[Stored entries]
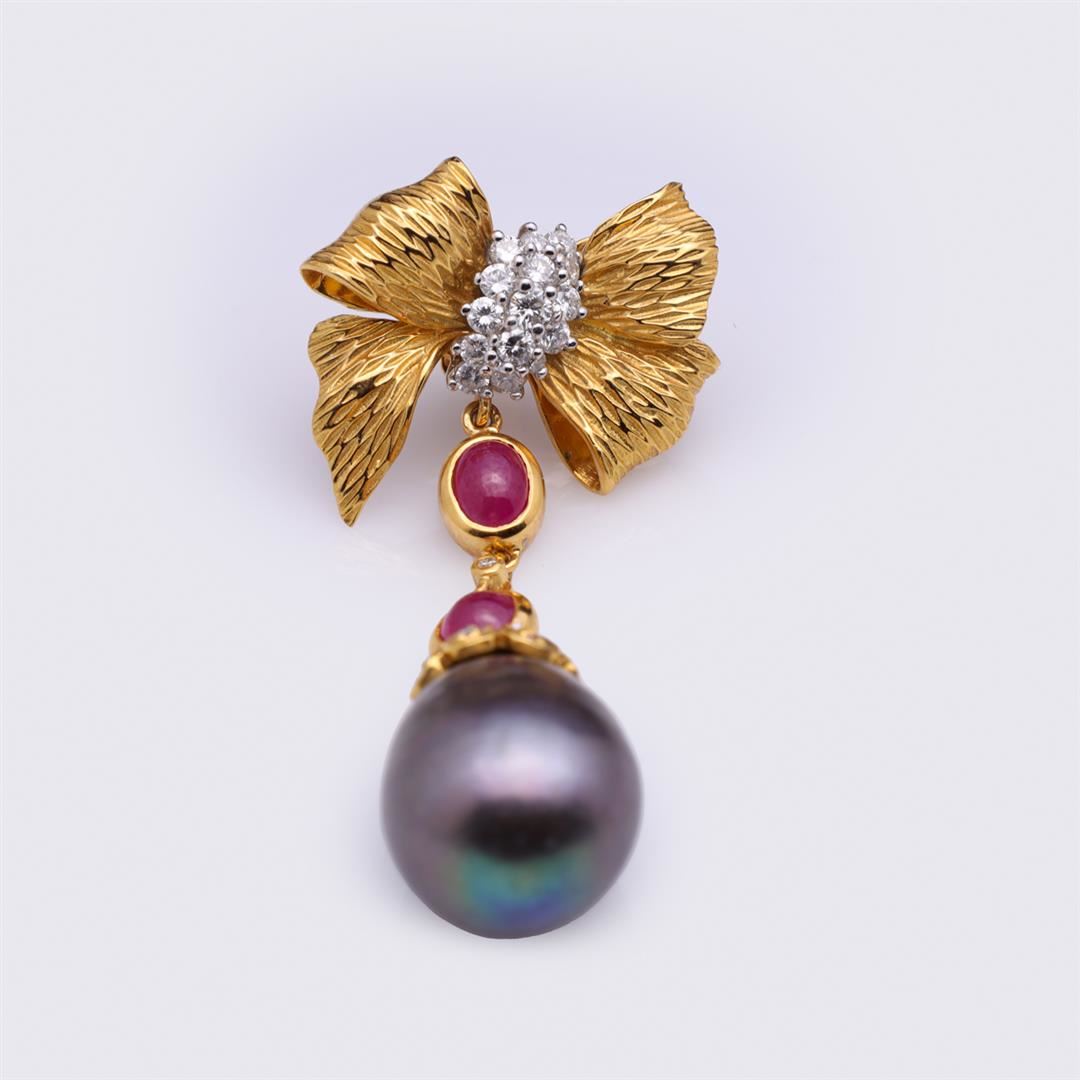 Pair 18K Yellow Gold, Ruby, Diamond & Pearl Earrings by Carlo Rici
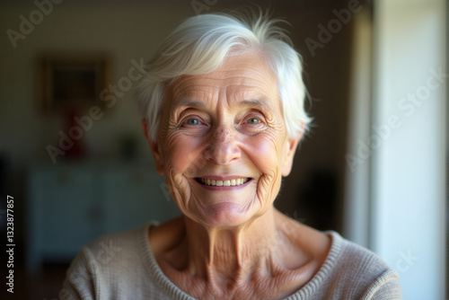 A cheerful senior with white hair and bright eyes smiling warmly in a cozy home
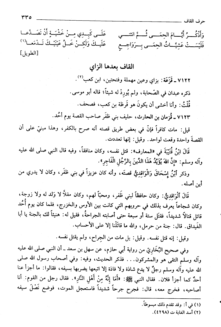 بزاي وعين مهملة وفتحتين، ابن كعب «٢» .
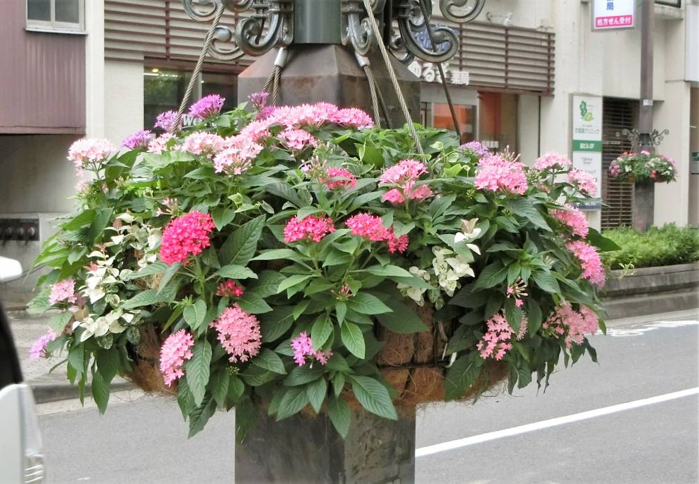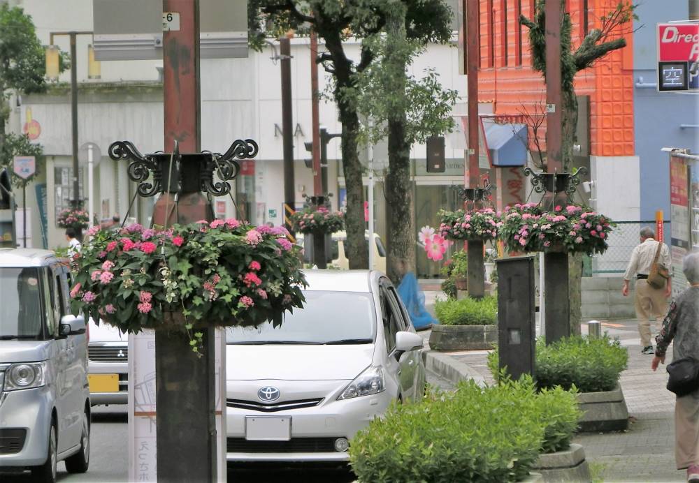 小田原市みどり公園課では、市内栄町スクランブル交差点付近の街路(幸田口通り、中央通り)の街路灯に、平成29年7月中旬から花かざりを設置しています。
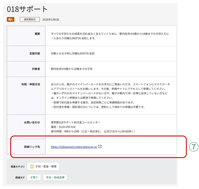 - ⑦ 内容を確認し、手続きをしたい又はより詳細な情報を知りたい場合には、詳細リンク先ページ(外部サイト)をご確認ください。
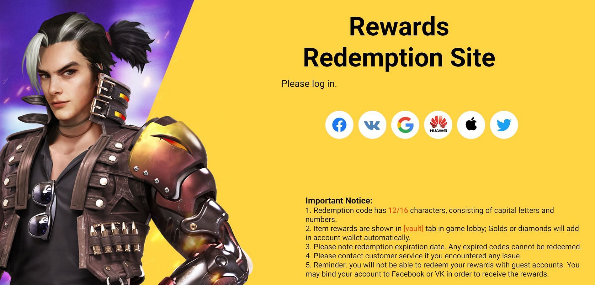 Step 3: Once users land on the given webpage, they must sign in to their Free Fire account. The available options are Facebook, Google, VK, Twitter, Apple ID, and Huawei ID.
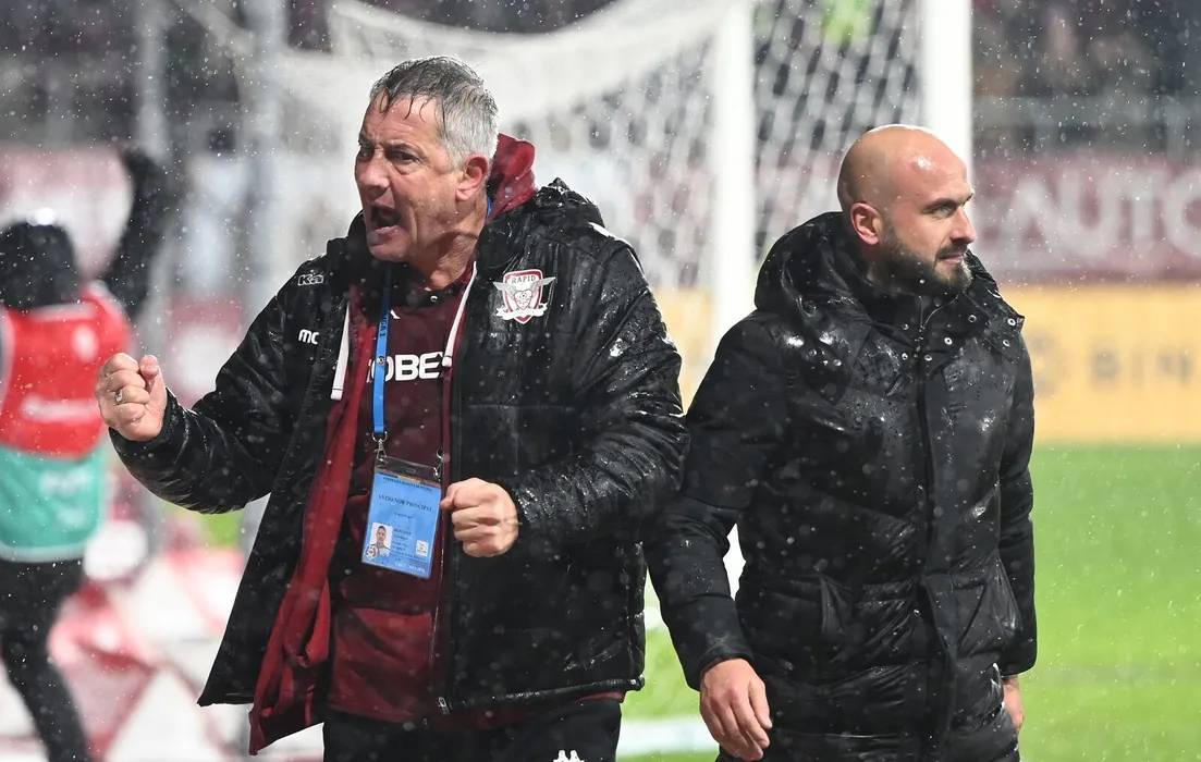 Cristiano Bergodi se bucura alaturi de Ionut Voicu dupa golul patru rapidist marcat in meciul de fotbal dintre Rapid Bucuresti si FC U Craiova, din cadrul Superligii Superbet, desfasurat pe Superbet Arena-Giulesti din Bucuresti, vineri 19 ianuarie 2024. © FOTO:Razvan Pasarica/SPORT PICTURES

Aim of the exercise: The lines from the one holding "小田原市みどり公園課では、市" through the end of the entries are to be transcribed exactly, both ends included, with the pictures left out.

Exercise result:
 小田原市みどり公園課では、市内栄町スクランブル交差点付近の街路(幸田口通り、中央通り)の街路灯に、平成29年7月中旬から花かざりを設置しています。
 - ⑦ 内容を確認し、手続きをしたい又はより詳細な情報を知りたい場合には、詳細リンク先ページ(外部サイト)をご確認ください。
 Step 3: Once users land on the given webpage, they must sign in to their Free Fire account. The available options are Facebook, Google, VK, Twitter, Apple ID, and Huawei ID.
 Cristiano Bergodi se bucura alaturi de Ionut Voicu dupa golul patru rapidist marcat in meciul de fotbal dintre Rapid Bucuresti si FC U Craiova, din cadrul Superligii Superbet, desfasurat pe Superbet Arena-Giulesti din Bucuresti, vineri 19 ianuarie 2024. © FOTO:Razvan Pasarica/SPORT PICTURES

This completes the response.